- **Work to complete**
From the line holding "SHEIN Essnce Women'S" through the line holding "⑤肝の〇の部分に砂が入ってい" below, write out every line exactly; include both of those lines and drop the pictures.

- **Given data**
★ ★ ★

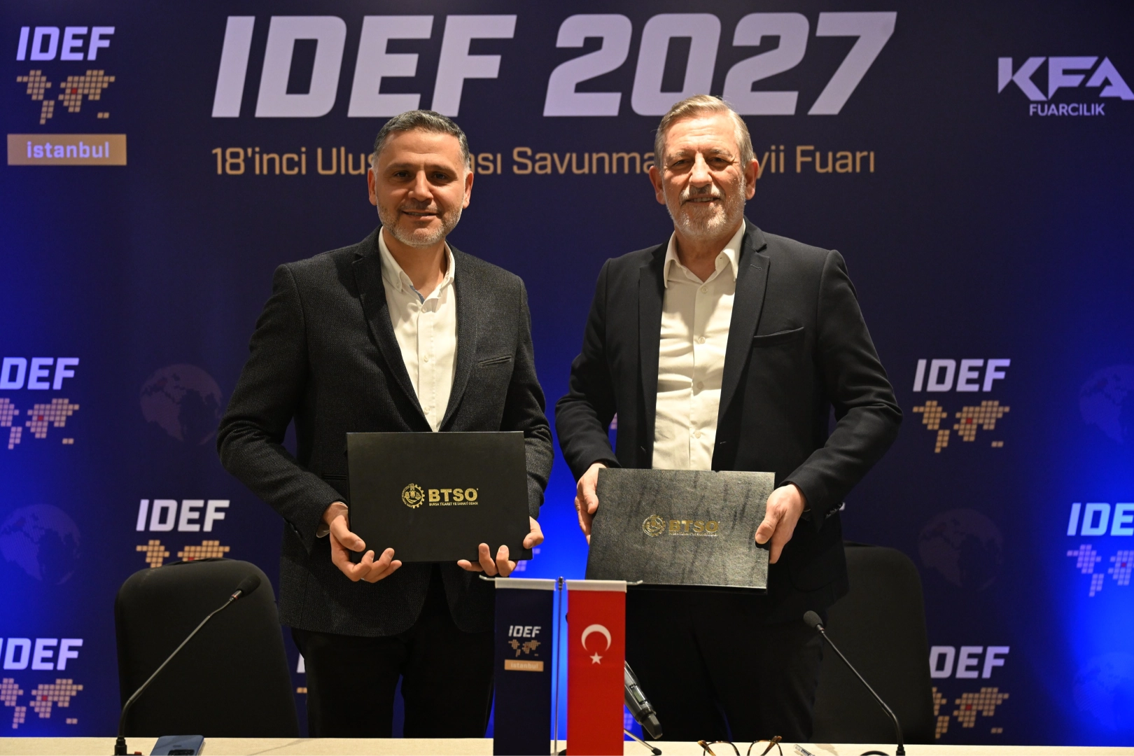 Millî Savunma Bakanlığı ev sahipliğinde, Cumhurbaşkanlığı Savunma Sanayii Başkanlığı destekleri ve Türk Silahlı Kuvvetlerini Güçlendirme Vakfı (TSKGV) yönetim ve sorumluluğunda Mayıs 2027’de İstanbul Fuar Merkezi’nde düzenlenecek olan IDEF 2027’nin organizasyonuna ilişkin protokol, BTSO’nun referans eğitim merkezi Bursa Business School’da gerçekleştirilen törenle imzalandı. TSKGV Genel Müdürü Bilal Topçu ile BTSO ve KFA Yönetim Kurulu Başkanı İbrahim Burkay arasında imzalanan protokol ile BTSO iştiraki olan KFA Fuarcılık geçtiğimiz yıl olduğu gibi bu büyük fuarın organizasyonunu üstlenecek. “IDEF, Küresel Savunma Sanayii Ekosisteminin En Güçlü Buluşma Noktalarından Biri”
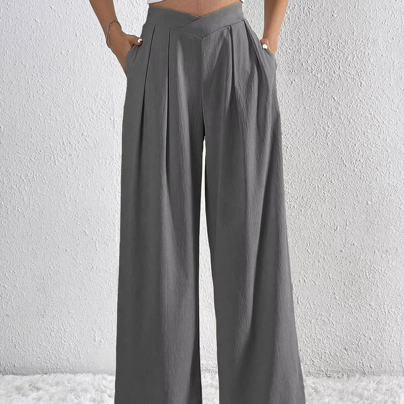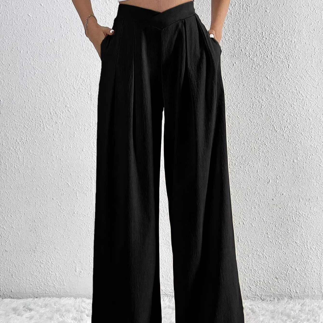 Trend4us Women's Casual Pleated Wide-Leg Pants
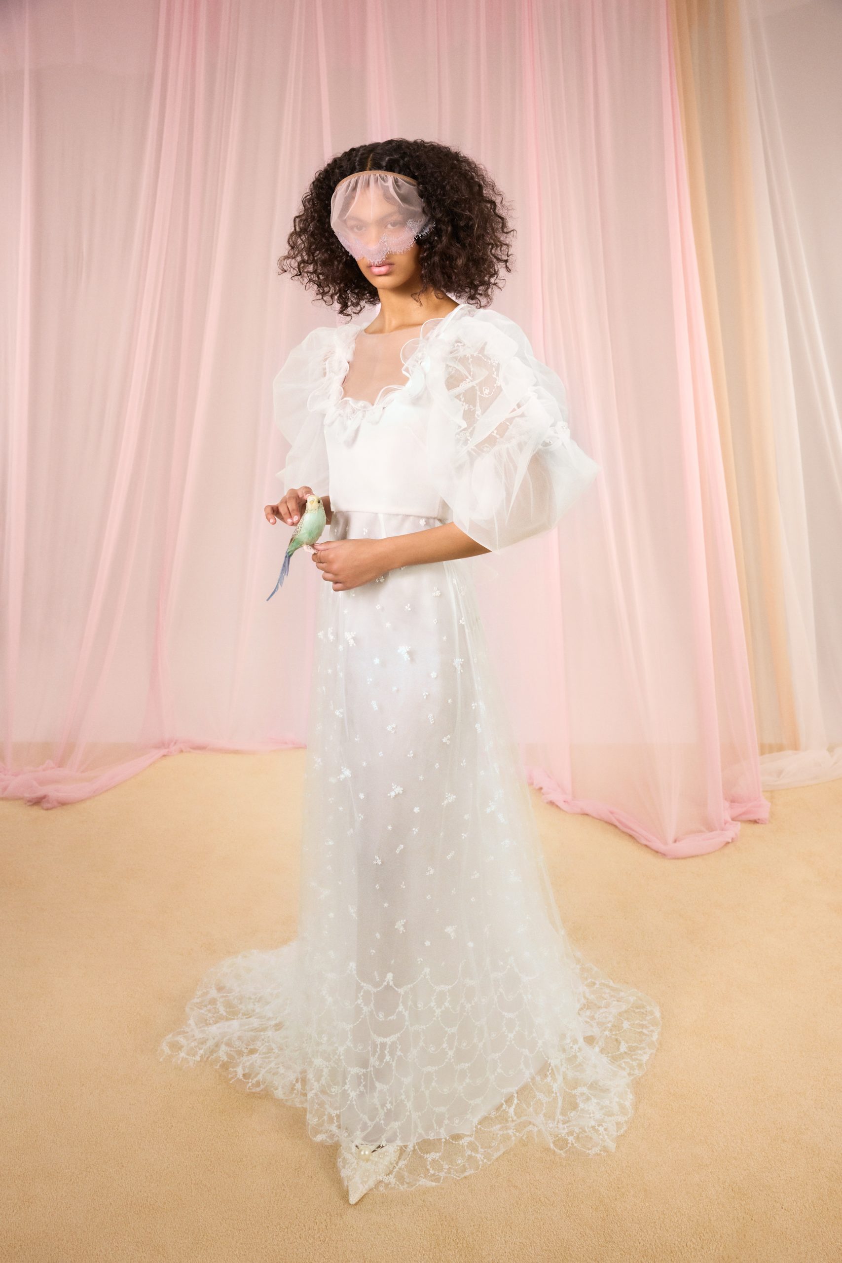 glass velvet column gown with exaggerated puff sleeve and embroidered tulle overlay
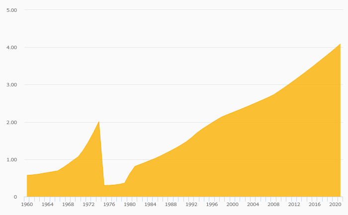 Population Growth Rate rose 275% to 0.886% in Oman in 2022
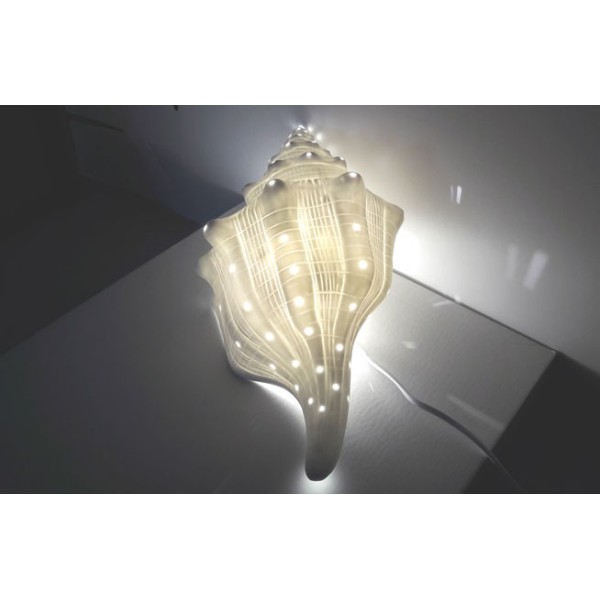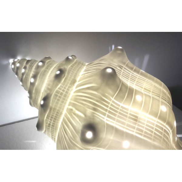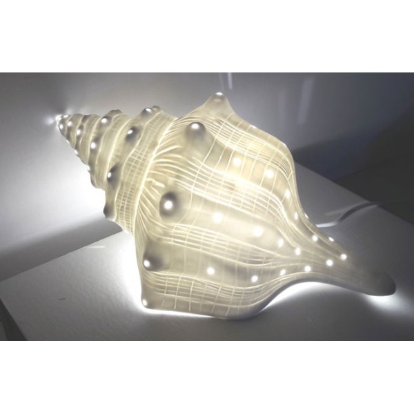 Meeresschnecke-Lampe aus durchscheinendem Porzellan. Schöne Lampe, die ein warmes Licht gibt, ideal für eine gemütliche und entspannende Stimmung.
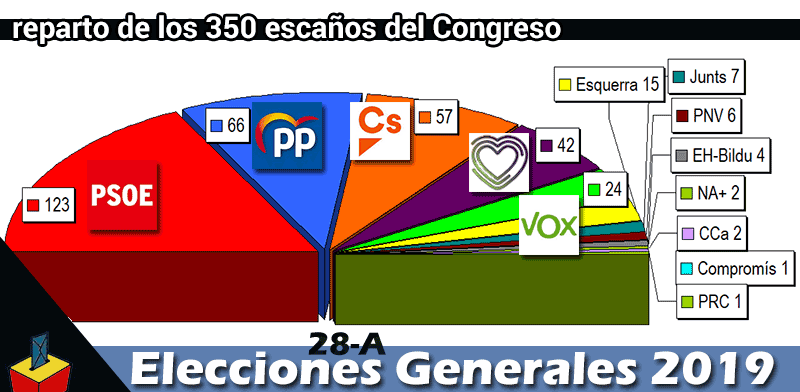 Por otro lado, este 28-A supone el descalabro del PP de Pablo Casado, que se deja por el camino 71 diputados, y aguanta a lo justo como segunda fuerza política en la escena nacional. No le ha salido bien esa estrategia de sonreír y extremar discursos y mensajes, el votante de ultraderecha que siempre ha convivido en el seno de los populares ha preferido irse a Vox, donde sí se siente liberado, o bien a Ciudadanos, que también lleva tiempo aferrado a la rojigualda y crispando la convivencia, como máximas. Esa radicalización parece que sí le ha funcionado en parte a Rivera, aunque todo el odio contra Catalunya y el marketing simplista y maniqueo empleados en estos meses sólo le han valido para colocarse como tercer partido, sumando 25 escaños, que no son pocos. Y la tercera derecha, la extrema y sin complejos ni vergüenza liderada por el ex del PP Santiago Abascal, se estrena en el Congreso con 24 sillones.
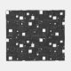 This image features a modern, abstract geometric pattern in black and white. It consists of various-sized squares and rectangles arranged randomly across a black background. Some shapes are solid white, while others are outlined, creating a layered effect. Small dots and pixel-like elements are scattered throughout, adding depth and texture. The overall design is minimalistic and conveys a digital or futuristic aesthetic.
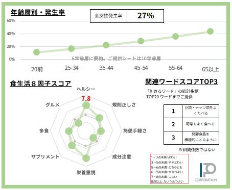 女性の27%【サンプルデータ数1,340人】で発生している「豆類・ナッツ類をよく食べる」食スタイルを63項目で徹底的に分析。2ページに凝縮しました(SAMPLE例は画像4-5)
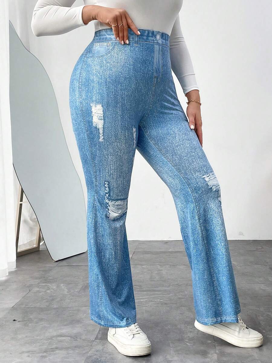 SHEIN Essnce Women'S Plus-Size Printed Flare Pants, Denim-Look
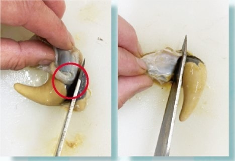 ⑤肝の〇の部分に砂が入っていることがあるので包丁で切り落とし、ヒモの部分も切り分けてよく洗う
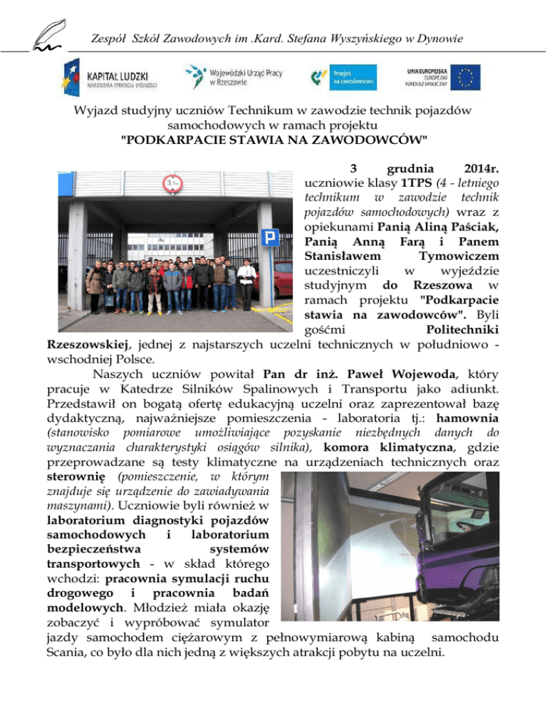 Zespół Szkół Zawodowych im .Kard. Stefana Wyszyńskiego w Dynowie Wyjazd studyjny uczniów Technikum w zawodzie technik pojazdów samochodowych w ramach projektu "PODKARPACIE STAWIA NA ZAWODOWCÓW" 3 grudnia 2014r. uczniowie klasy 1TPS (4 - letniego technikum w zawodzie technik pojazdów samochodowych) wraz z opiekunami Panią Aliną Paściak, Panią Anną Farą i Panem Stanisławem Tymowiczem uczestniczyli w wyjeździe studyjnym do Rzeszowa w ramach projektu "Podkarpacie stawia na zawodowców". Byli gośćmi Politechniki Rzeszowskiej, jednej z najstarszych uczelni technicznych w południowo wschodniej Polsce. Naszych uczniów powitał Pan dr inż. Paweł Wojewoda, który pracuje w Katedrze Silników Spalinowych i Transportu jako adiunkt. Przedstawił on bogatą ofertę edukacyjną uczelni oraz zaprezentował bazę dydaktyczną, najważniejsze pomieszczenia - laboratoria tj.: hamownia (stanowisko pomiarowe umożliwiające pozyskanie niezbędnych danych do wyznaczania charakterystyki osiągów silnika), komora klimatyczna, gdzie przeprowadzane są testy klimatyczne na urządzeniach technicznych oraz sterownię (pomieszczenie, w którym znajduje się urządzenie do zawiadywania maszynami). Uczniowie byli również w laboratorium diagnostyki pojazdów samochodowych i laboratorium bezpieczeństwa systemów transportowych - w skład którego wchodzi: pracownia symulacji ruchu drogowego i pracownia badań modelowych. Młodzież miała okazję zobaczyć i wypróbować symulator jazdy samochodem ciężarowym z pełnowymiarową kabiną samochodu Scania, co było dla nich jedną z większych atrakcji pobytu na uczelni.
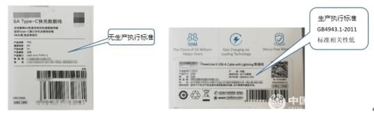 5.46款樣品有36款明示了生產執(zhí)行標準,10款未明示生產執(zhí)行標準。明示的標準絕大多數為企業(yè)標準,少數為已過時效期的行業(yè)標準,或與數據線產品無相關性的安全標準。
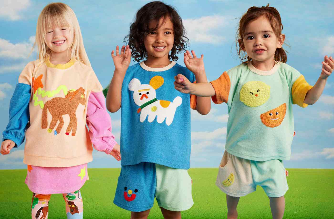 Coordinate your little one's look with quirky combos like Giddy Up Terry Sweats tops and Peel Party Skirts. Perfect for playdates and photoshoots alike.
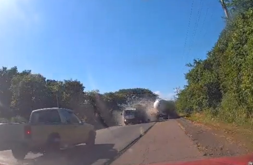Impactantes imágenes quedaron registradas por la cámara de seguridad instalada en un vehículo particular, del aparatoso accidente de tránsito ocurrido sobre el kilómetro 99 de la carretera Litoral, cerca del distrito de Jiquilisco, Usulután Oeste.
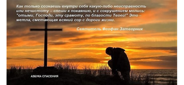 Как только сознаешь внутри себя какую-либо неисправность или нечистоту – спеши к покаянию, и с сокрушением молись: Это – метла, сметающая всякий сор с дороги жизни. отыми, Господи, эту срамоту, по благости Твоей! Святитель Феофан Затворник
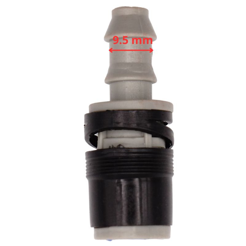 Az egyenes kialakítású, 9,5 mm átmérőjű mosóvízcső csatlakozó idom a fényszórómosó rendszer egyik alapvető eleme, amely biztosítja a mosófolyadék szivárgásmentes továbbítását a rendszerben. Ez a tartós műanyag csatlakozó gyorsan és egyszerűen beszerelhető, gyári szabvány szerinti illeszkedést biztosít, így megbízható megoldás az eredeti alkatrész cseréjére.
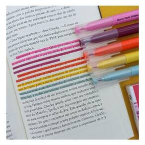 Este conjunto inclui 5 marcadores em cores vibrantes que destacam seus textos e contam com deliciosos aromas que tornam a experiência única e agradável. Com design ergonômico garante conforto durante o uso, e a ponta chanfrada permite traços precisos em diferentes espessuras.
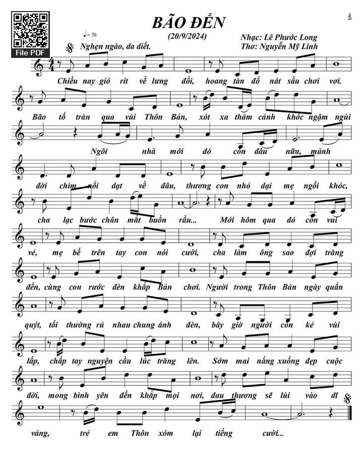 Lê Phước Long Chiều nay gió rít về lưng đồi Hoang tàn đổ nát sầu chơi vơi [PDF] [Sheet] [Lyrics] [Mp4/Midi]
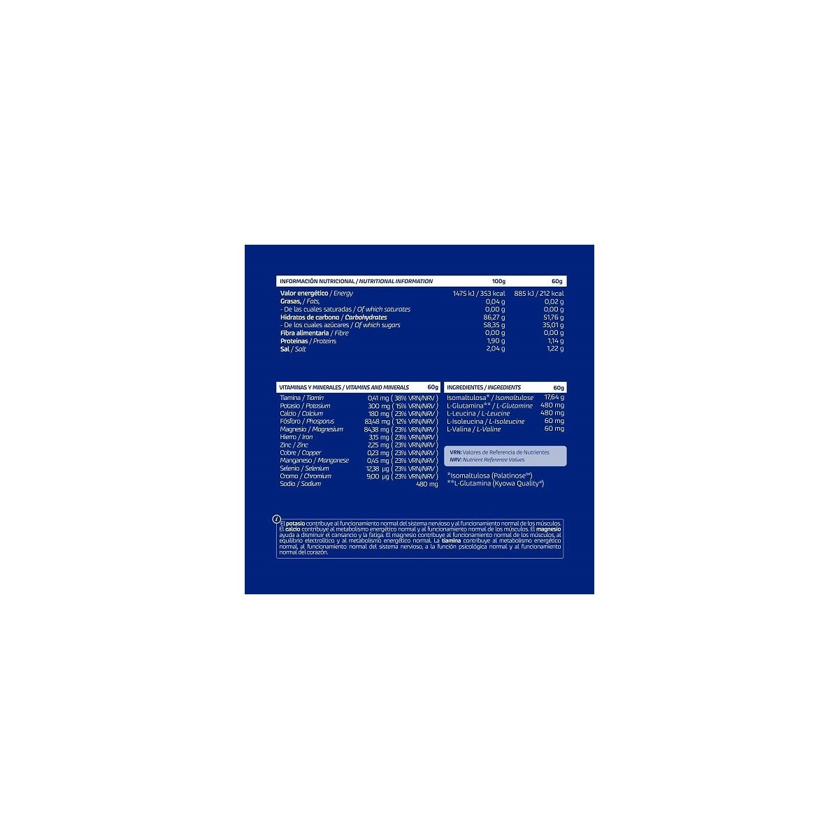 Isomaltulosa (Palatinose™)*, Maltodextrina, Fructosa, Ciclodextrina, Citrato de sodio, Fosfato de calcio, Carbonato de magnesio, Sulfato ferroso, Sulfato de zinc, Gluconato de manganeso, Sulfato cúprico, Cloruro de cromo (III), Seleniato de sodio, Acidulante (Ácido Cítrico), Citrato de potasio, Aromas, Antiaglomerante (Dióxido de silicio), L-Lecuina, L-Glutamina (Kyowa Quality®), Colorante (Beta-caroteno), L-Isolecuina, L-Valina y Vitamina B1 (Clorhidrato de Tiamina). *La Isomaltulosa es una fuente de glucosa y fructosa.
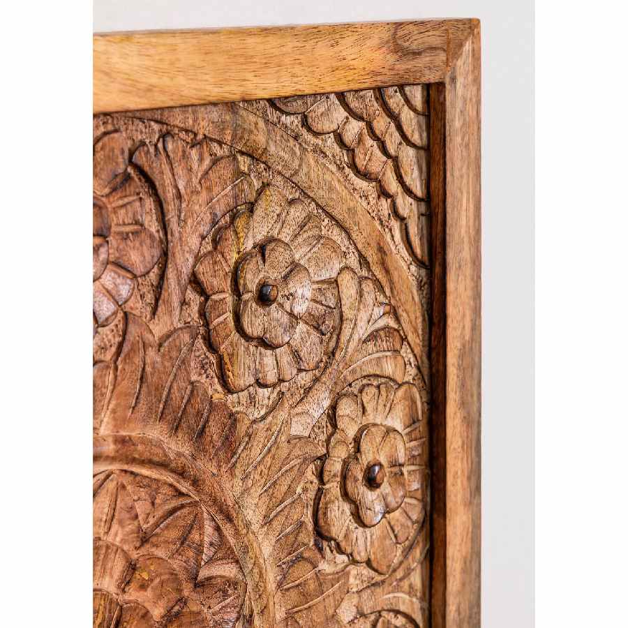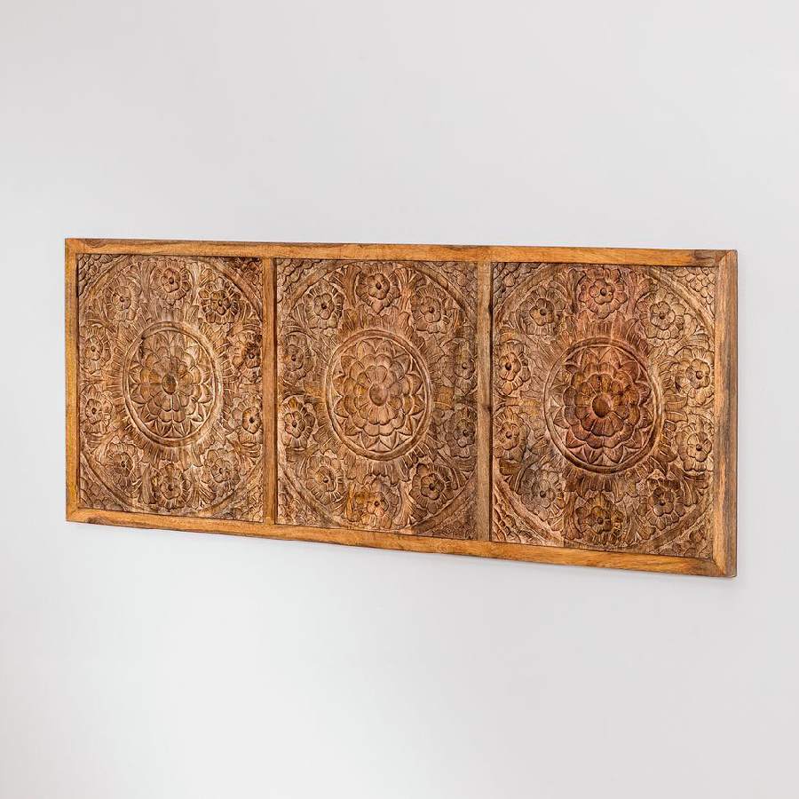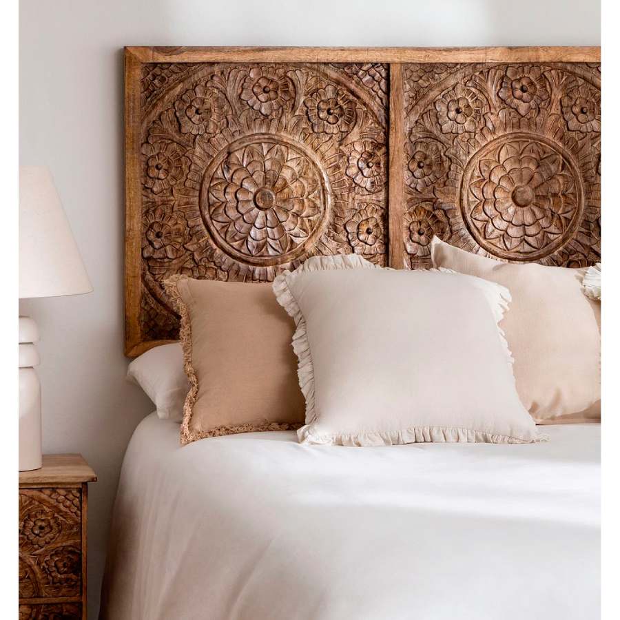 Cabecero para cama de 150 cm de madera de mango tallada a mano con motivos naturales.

★ ★ ★

- **Solved problem**
 SHEIN Essnce Women'S Plus-Size Printed Flare Pants, Denim-Look
 ⑤肝の〇の部分に砂が入っていることがあるので包丁で切り落とし、ヒモの部分も切り分けてよく洗う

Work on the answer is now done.